§ Work request
A word-for-word copy of the data is what's wanted, with no pictures.

(Dataset items)
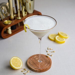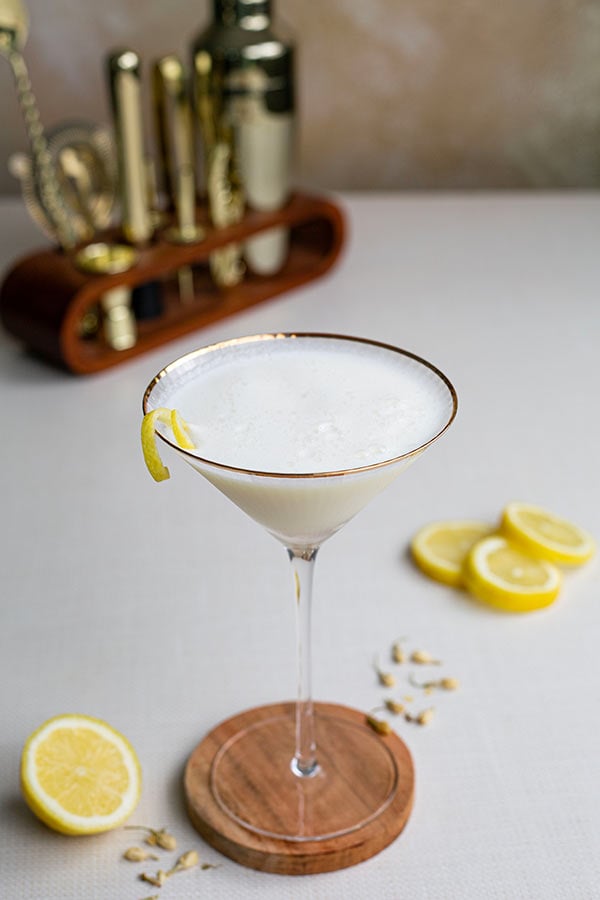 Imagine serving this martini after a dinner of creamy gluten-free fettuccine Alfredo, hearty lasagna, or a fresh caprese salad. The lemon and white chocolate combination offers a lovely contrast to rich, savory flavors—almost like ending your meal with a sip of lemon cheesecake in liquid form.
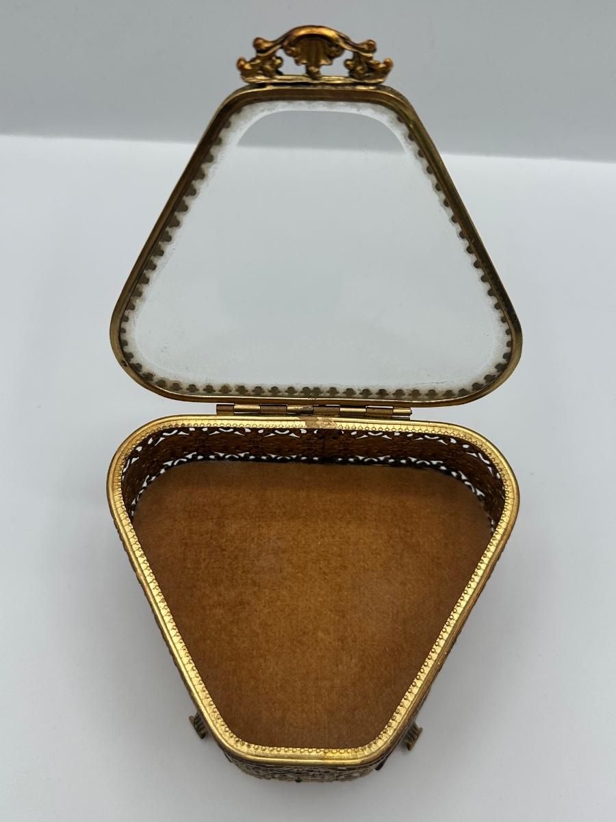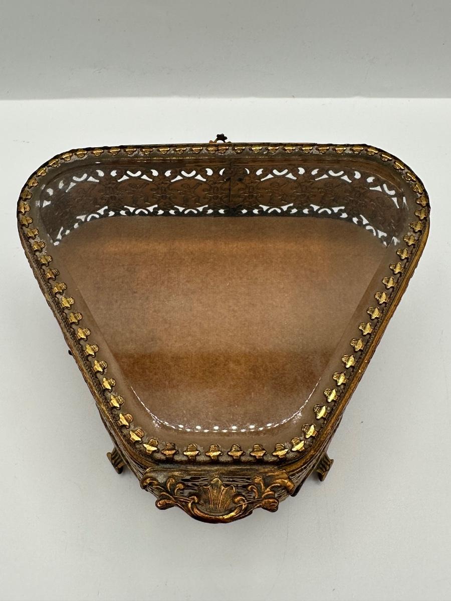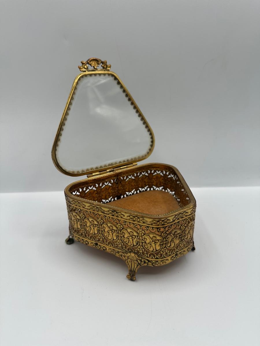 Victorian Gold & Beveled Glass Footed Jewelry Case
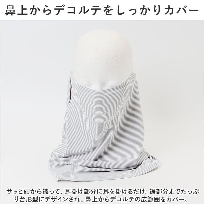 ・サッと頭から被って、耳掛け部分に耳を掛けるだけ。裾部分までたっぷり台形型にデザインされ、鼻上からデコルテの広範囲をカバー。
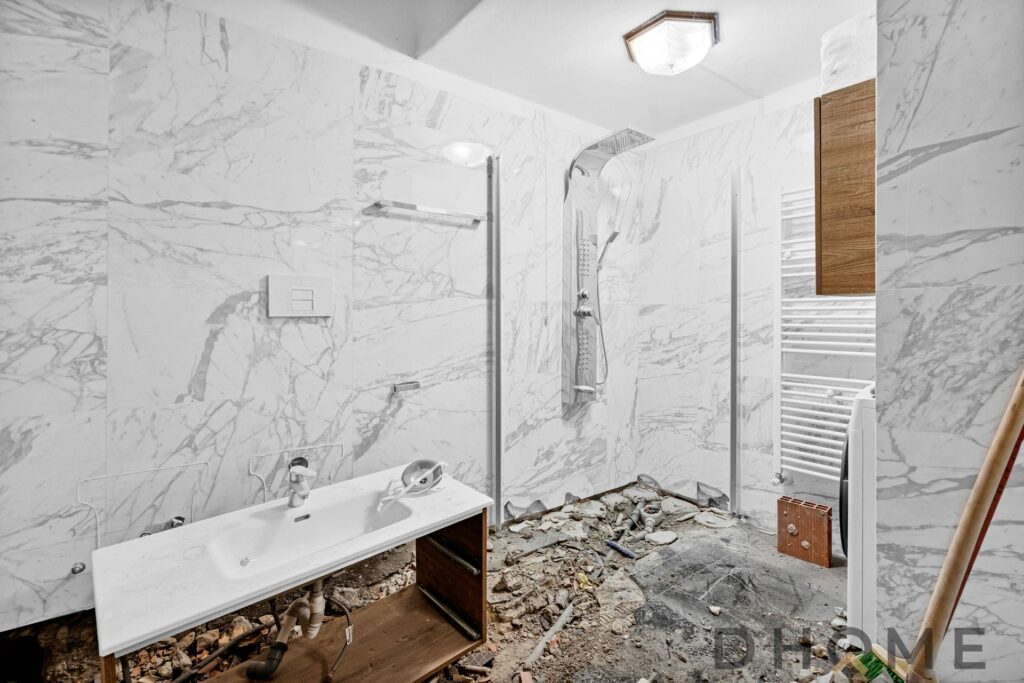 Dal patio all’ingresso si prosegue verso l’interno della proprietà: al primo livello si trova la zona giorno open space, luminosa e accogliente, con accesso diretto a un ampio balcone. Sullo stesso livello si trova il bagno padronale, attualmente in fase di ristrutturazione da ultimare.
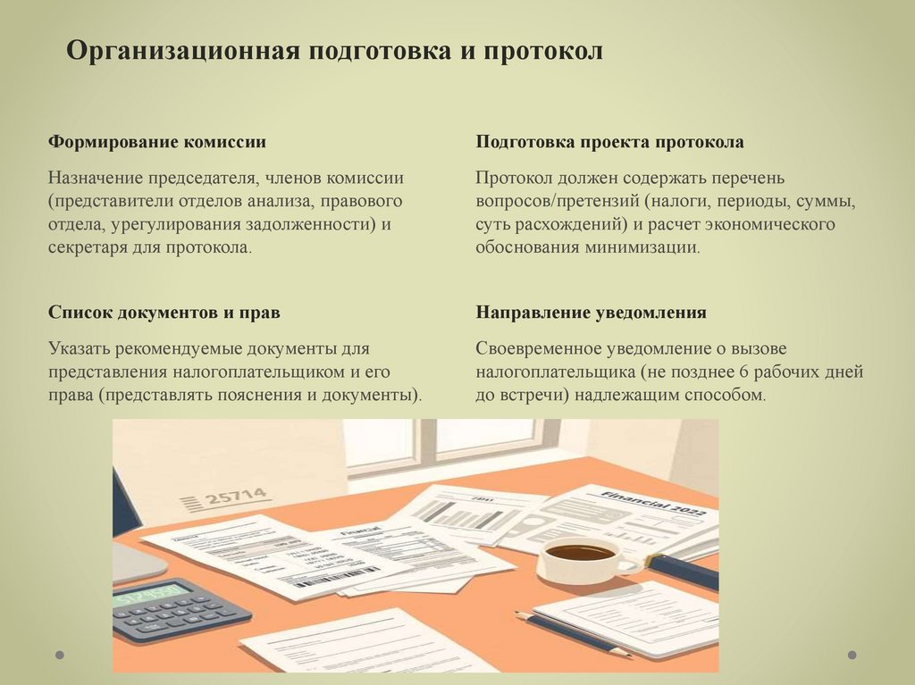 детализирующие порядок проведения мероприятий налогового контроля и рабочих встреч.
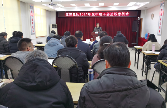 为落实地勘中心2021年度工作汇报会上吴岩主任提出的成员单位干部员工年终考核全覆盖要求,按照总队年度工作会议部署,2021年12月28-29日,江苏总队召开2021年度中层干部述职考核会,会议由党委书记、总队长汪要武主持。

§ Answer box
 Imagine serving this martini after a dinner of creamy gluten-free fettuccine Alfredo, hearty lasagna, or a fresh caprese salad. The lemon and white chocolate combination offers a lovely contrast to rich, savory flavors—almost like ending your meal with a sip of lemon cheesecake in liquid form.
 Victorian Gold & Beveled Glass Footed Jewelry Case
 ・サッと頭から被って、耳掛け部分に耳を掛けるだけ。裾部分までたっぷり台形型にデザインされ、鼻上からデコルテの広範囲をカバー。
 Dal patio all’ingresso si prosegue verso l’interno della proprietà: al primo livello si trova la zona giorno open space, luminosa e accogliente, con accesso diretto a un ampio balcone. Sullo stesso livello si trova il bagno padronale, attualmente in fase di ristrutturazione da ultimare.
 детализирующие порядок проведения мероприятий налогового контроля и рабочих встреч.
 为落实地勘中心2021年度工作汇报会上吴岩主任提出的成员单位干部员工年终考核全覆盖要求,按照总队年度工作会议部署,2021年12月28-29日,江苏总队召开2021年度中层干部述职考核会,会议由党委书记、总队长汪要武主持。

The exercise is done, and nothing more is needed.